The chosen approach to generation of efficient workflows and their execution is known as structural program synthesis. Other works in this field are devoted to the logical grounds of knowledge representation and derivation of algorithms or application of this concept to other problem areas [6, 7]. Our project is focused on practical problems and technical issues that are usually abstracted away in theoretical papers and particularly addresses the problem area of HPC applications. One of such practical problems is that non-functional requirements should be taken in account when deducing an algorithm (a workflow) on a computational model (so, this is not enough to just deduce some algorithm that matches functional requirements). This problem was formulated and addressed for example in [18]. A survey of approaches to program synthesis can be found in [19].

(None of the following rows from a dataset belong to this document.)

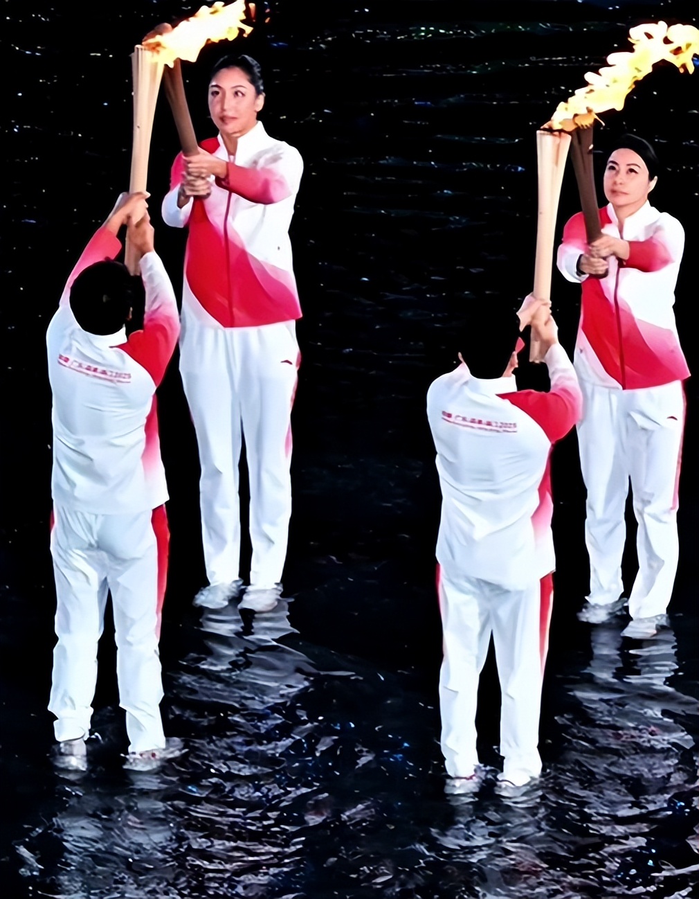 与网球运动员王欣瑜搭档,完成水中火炬传递,在铺设5mm深水幕的舞台上奔跑毫不费力,不愧是雌性中的雌性,太令人敬佩了。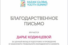За ценный вклад в подготовке и проведении IV Казанского Глобального Молодежного Саммита Дарью Кодинцеву, ученицу 10Б класса (кл.руководитель: Валиуллина Р.Х.), наградили Благодарственным письмом от Помошника Раиса Республики Татарстан, Председателя совета регионального отделения Совета Первых Республики Татарстан Т.Д.Сулейманова.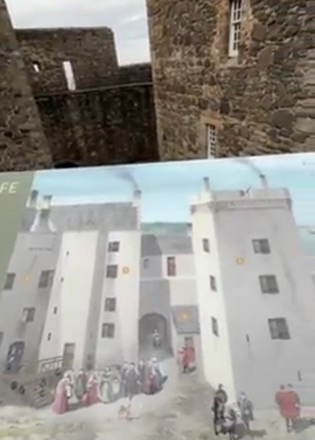 person holding a sign that depicts a historical rendering of Blackness Castle in Scotland. The rendering shows people in historical clothing in the castle courtyard. The camera moves from the sign to the castle itself, showing the stone walls and towers. The sky is overcast.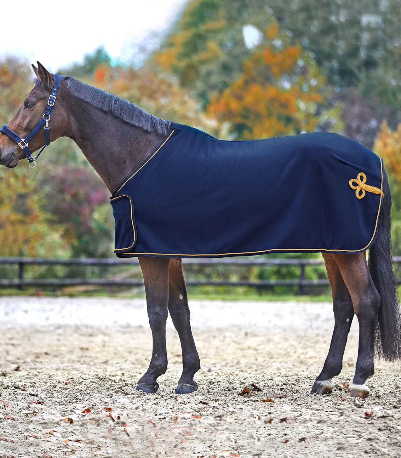 Extra weiche und hochwertig verarbeitete Paradedecke in schönem Design und mit hoher Funktionalität. Aufwendig verarbeiteter Zierschweifriemen und Kordel in Kontrastfarbe. Bietet viel Platz für Ihr Sponsorenlogo oder für Beschriftungen. Klassischer Frontverschluss, Schweifkordel und flauschiges Widerristpolster runden den stilvollen Auftritt ab. Mit Brustlatz. Lieferung ohne Waldhausen-Druck.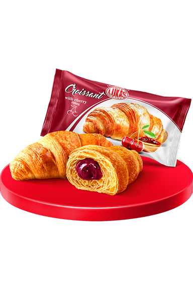 LUKAS - Croissant with CHERRY Filling - 45g WE ARE EXPERTS IN CROISSANTS By choosing this particular product from the Lucas croissant series,...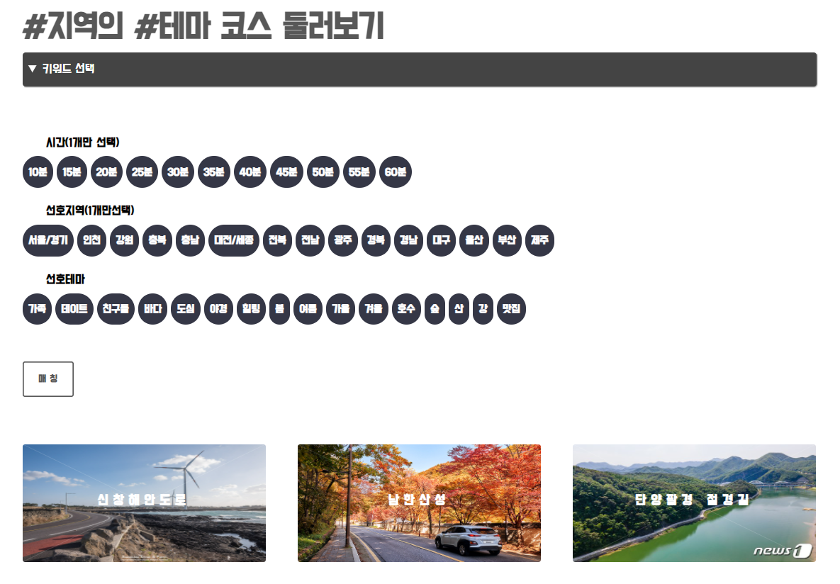 - 키워드(시간, 지역, 테마)를 선택하면, 해당하는 코스를 보여줍니다.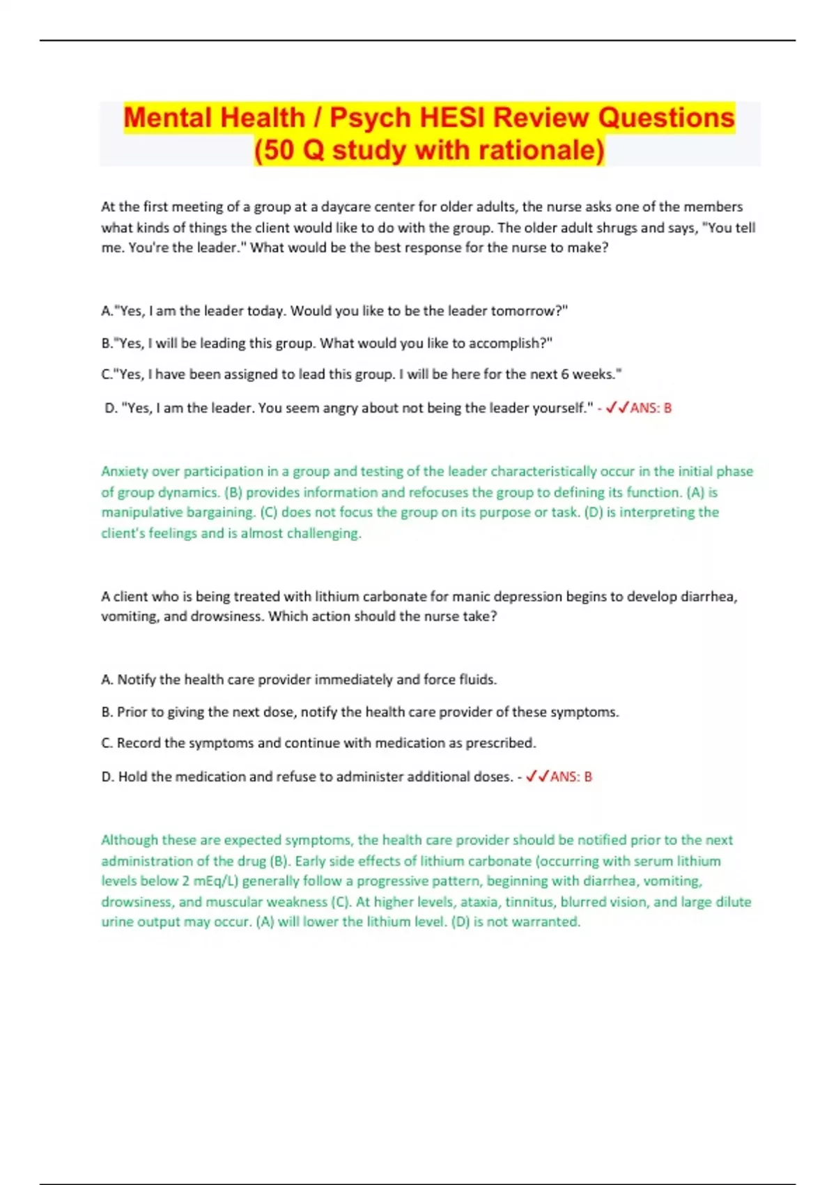 Mental Health / Psych HESI Review Questions (50 Q study with rationale)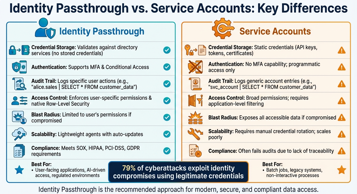 Identity Passthrough vs Service Accounts: Security and Compliance Comparison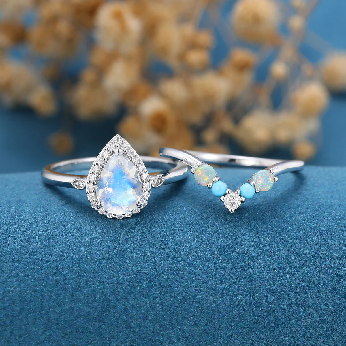 Pear cut Moonstone Halo Engagement ring Bridal Set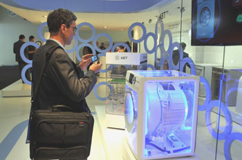9月1日,一位參觀者在2012IFA海爾展廳拍攝海爾新概念洗衣機(jī)。記者 王平平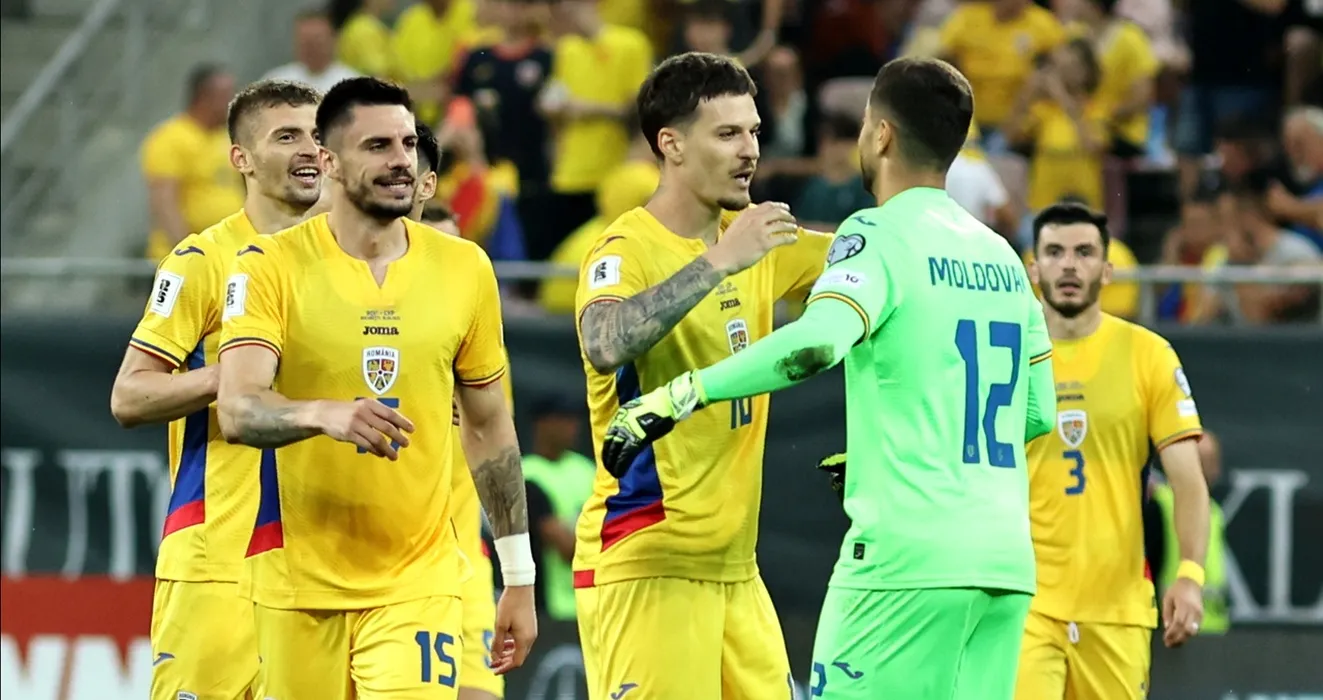 Jucatorii echipei nationale de fotbal a Romaniei reactioneaza dupa ce Dennis Man (C) a inscris un gol in timpul meciului contra selectionatei Ciprului din preliminariile Cupei Mondiale din 2026, disputat pe Arena Nationala din Romania, marti, 10 iunie 2025. GEORGE FLUSTER / MEDIAFAX FOTO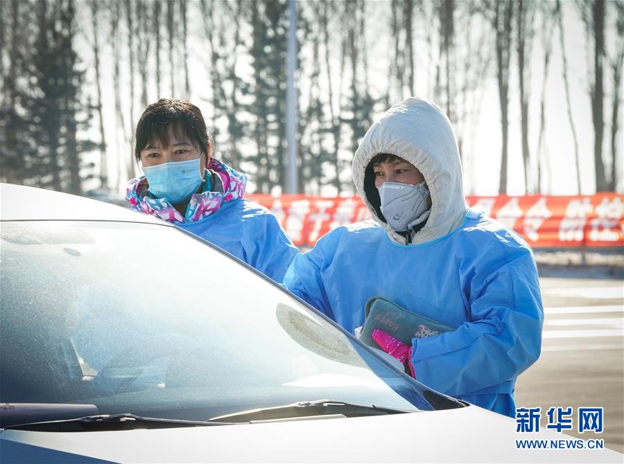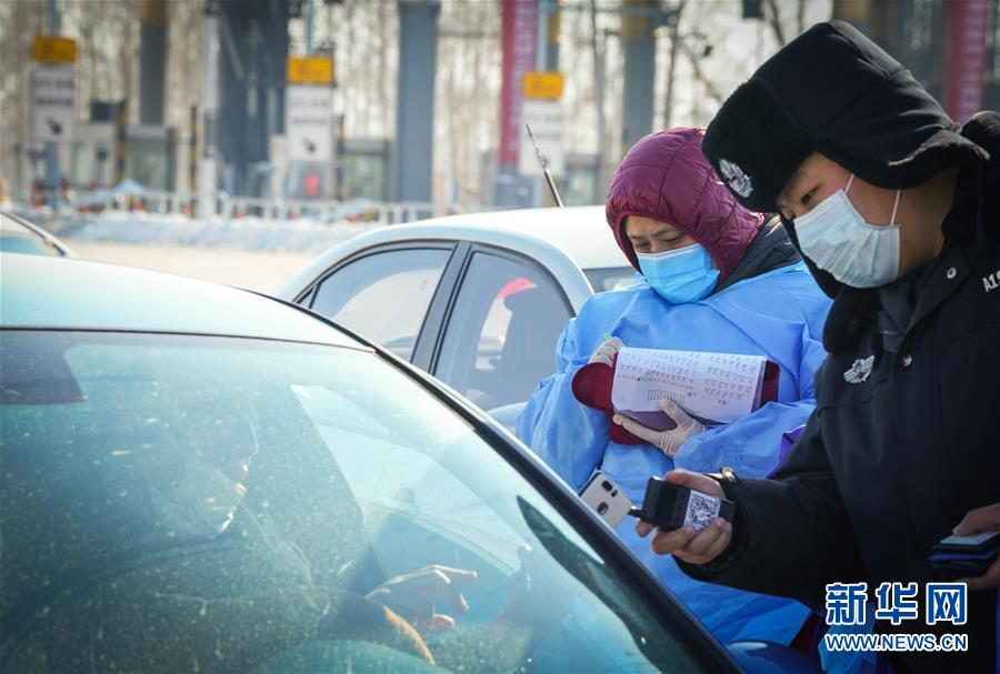 2月24日,工作人員在哈同高速公路哈爾濱收費站為車輛人員登記。 新華社記者 王松 攝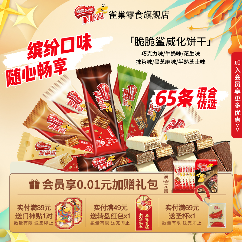 零食/坚果/特产 官方旗舰店雀巢脆脆鲨威化饼干巧克力牛奶味零食散装混合口味小吃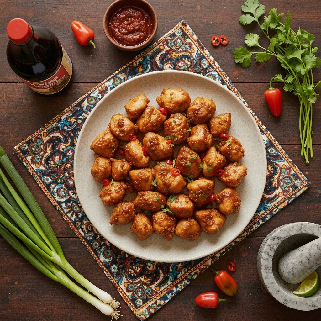 Kipfilet (Halal), Ketjap Manis, Ketoembar, Knoflook, Peterselie, Gember, Zwarte Peper, Keltisch Zeezout, Room Boter (Gras Gevoed)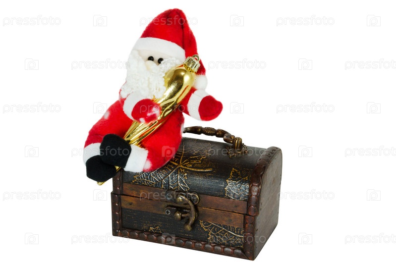 Санта Клаус, сидящий на антикварном сундуке, на белом фоне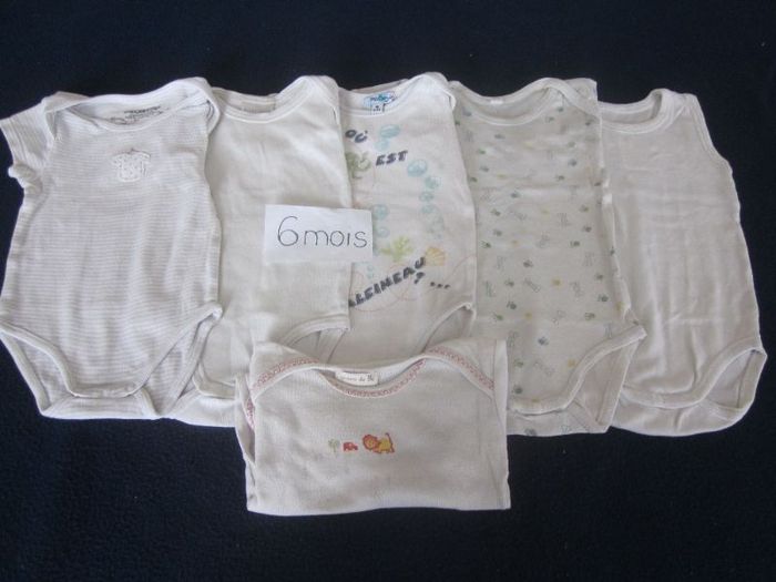6m, 5 bodies mc/sans manche + 6ème offert (tâche), orchestra, grain de blé, kiabi, petit béguin

Composition and execution of workflows are studied extensively. There is a lot of research [20] devoted to scheduling of HPC workflows and there is a number of well-established (ProActive Workflows & Scheduling) and emerging systems that provide users with interfaces that allow to represent such scenarios in a form that can be interpreted by a system. Explicit representation of scenarios allows such systems to have control over workflows, use this information for better resource scheduling, resolve failures in a meaningful way and so on. The difference with our project is that we derive workflows. We do not develop new scheduling algorithms within the project, but rather follow the basic project idea to collect and apply existing algorithms.

9 Conclusion

A platform for development of interactive supercomputer applications is proposed. An interactive supercomputer application is a web-application that provides a high-level interface for a user and runs numerical simulation and data processing codes remotely on HPC systems to solve the problems that the user specifies through a high-level interface. The platform is built around a visual language that allows a developer to formally describe operations (user actions or computations) and their relations to immutable data objects (that either provide input information for the operations or are created as a result of the operations). Such a representation (a computational model) implicitly contains information about all meaningful user scenarios. Actually, it defines all necessary terms and their relations to allow a developer to “speak” at the level of the subject domain, thus defining a domain specific language. It provides a basis for automated derivation and implementation of necessary user scenarios and generation of a web-application that provides end users with appropriate interface to support derived scenarios. An extensible library of UI components is used in generation of interfaces. An extensible library of program modules that are needed to implement operations is used to automatically fulfill derived scenarios. Thus, the platform allows its users to accumulate and reuse knowledge about HPC application components in a systematic way.

Future work includes development of system algorithms capable of taking into account non-functional requirements: algorithms for workflow deduction, workflow scheduling and others that will help, particularly, to resolve issues mentioned in Sect. 7. Interestingly, such algorithms can be accumulated and used by the platform on the same principles as user-level application components.